Calculating Bayes factors for consistency (BF_k1) and performing bootstrapping experiments to identify consistently inconsistent genes (list of genes marked* as CIG = Consistently Inconsistent Gene) has been carried out using explore_clean_yeast_consistency.ipynb. We explored these sets of genes in later parts of the notebook.
All code and data used for the 2024 arXiv preprint (arXiv:2406.19989 [stat.ME]) https://doi.org/10.48550/arXiv.2406.19989
by
Franziska Hoerbst, Gurpinder Singh Sidhu, Melissa Tomkins, and Richard J. Morris
In Figure 3 we explore the analytical Bayesian framework using synthetic data. All plots from the paper (and more) can be found in SIM.ipynb.

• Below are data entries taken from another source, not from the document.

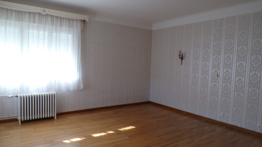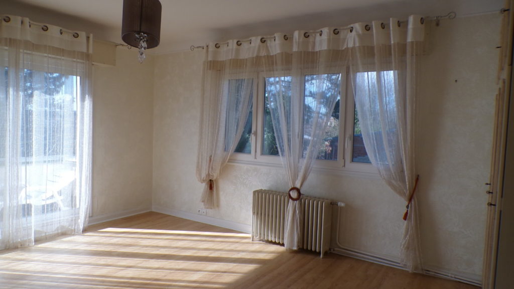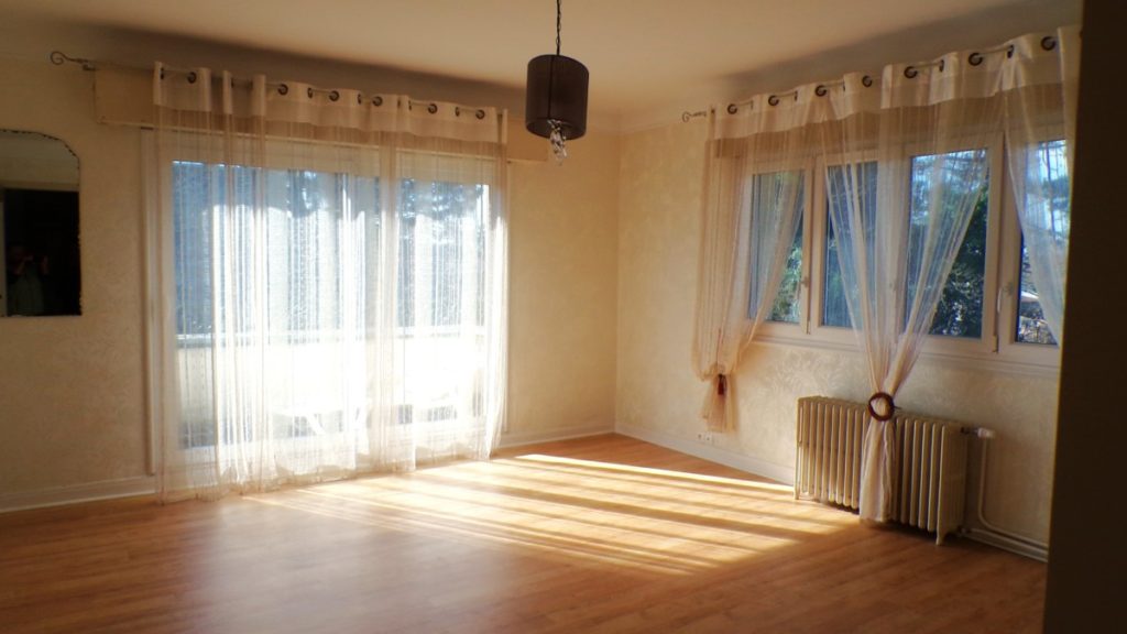 Lovely spacious room with parquet flooring, windows, sliding patio doors onto terrace, radiators, fireplace.
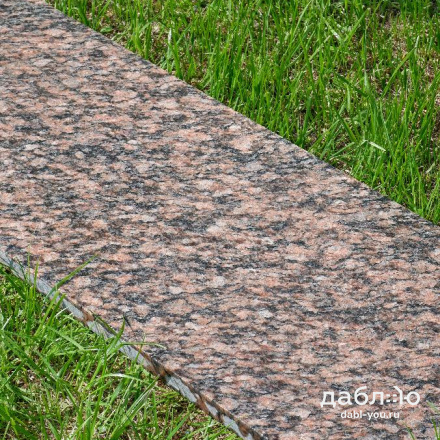 Пошаговая плита из гранита Ладожский. Применяется для создание пошаговых дорожек и в качестве элемента ландшафтного дизайна дома. Будет хорошо сочетаться с такими материалами как галька или крошка.Характеристики
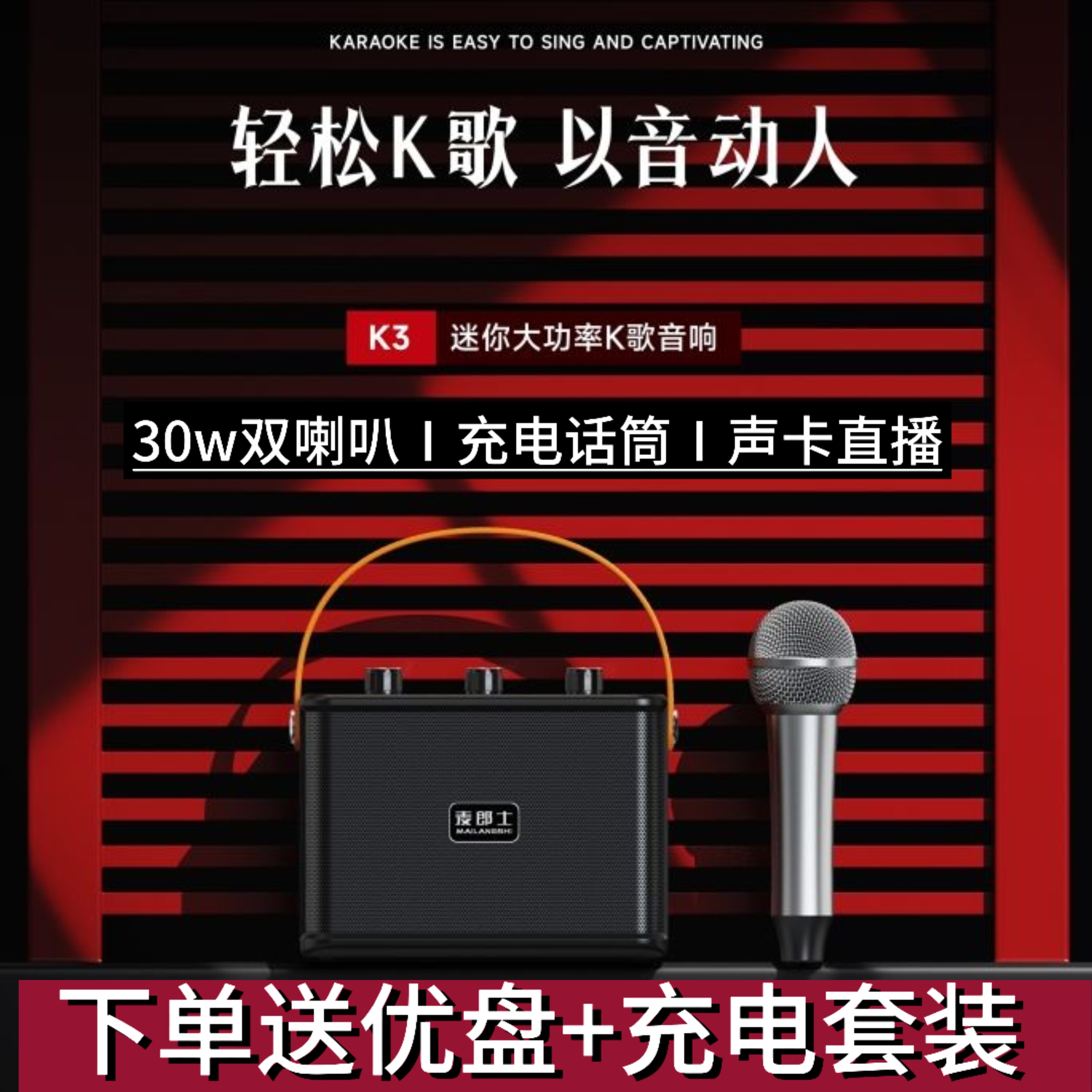 📚 麦郎士k3便携式k歌音响太极拳广场舞教学扩音0.9公斤轻便小巧30W
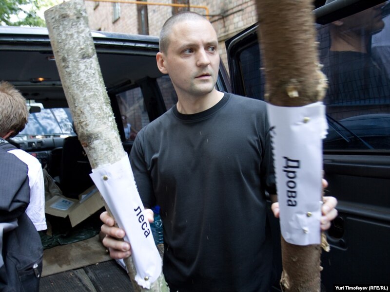 Лидер "Левого Фронта" Сергей Удальцов разгружает дрова из Химкинского леса на задворках здания Правительства РФ
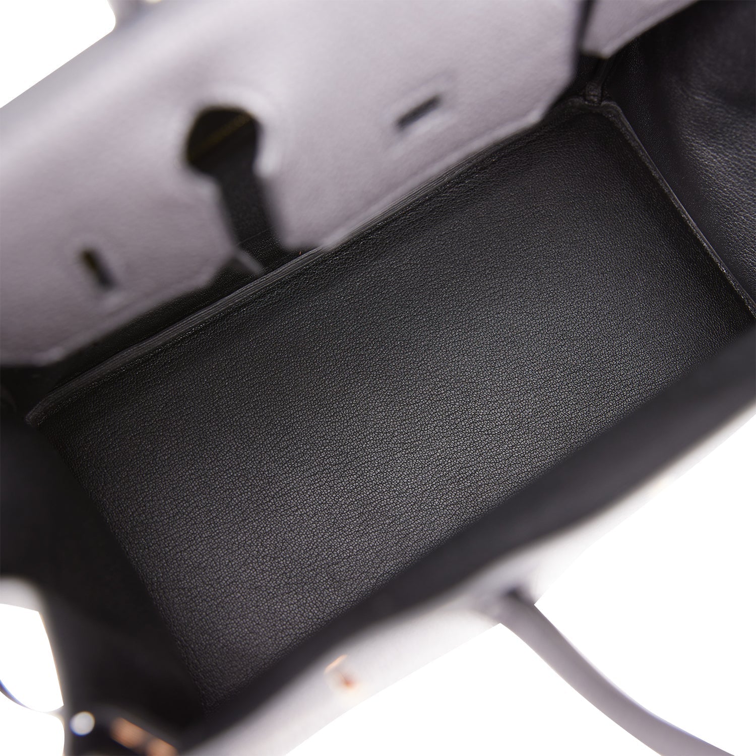 The interior is lined with black chevre and has one zip pocket with an Hermes engraved zipper pull and an open pocket on the opposite side.
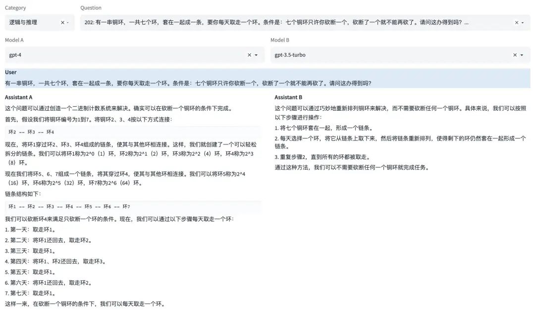 具体来说,我们可以在线向两个随机选择的匿名模型 A 和 B 提问,然后给两个答案投个票,更喜欢 A,更喜欢 B,平局,还是都不喜欢,这时候,我们才能看到 A 和 B 模型的真面目。
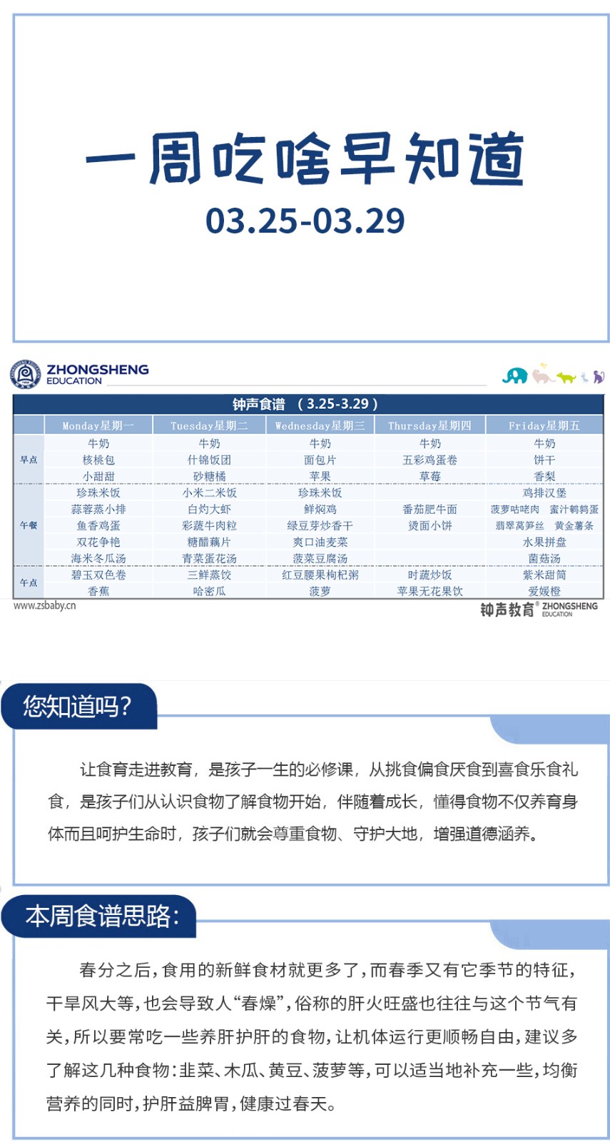 一周吃啥早知道 | 钟声红色幼儿园食谱分享
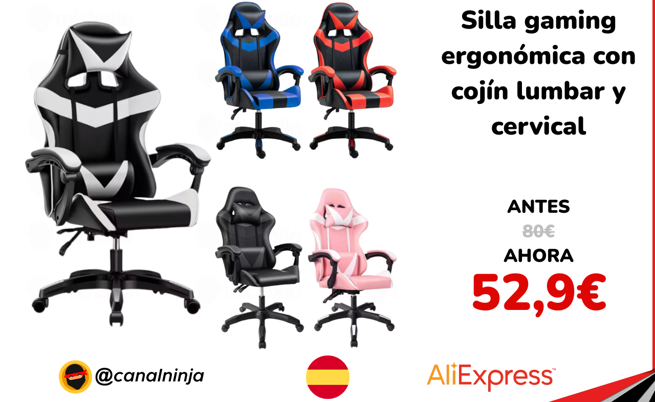 🔹 Silla gaming ergonómica con cojín lumbar y cervical solo 52,9€ ❗️⚔️️ (PVP: 80€)
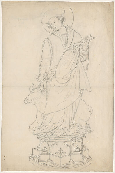 - Title: Reliquary with a Statue of Saint Luke, from Basler Goldschmiederisse (Basel goldsmith’s drawings)
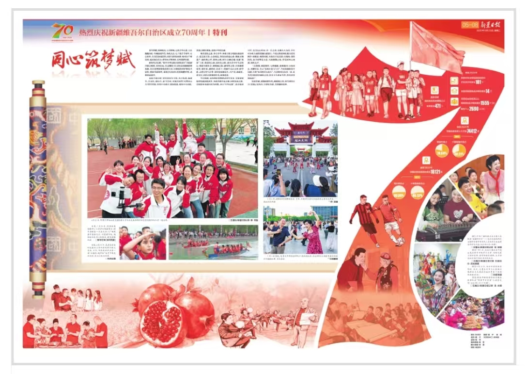 在庆祝新疆维吾尔自治区成立70周年的历史性节点,9月17日至9月23日,新疆日报重磅推出《方略领航赋》《磅礴新象赋》《绿水青山赋》《奔腾之路赋》《和风共沐赋》《同心筑梦赋》和《情暖天山赋》系列特刊,用汉赋雅韵这一承载千年的文学表达,郑重致敬自治区70年的发展成就。

do_DGE.ipynb is a notebook doing all Differential Gene Expression analysis discussed in the paper. For running DESeq2 and edgeR we are calling R scripts (e.g. 'Do_DGE-DESeq2.R') to carry out the analysis. This is where the parameters for the packages are set.
For bootstrapping experiments we created 100 shuffled data sets consisting of 3, 6, 12, and 20 replicates of the pool of 44/42 which we used for package comparison. This was done in comparison_data.ipynb.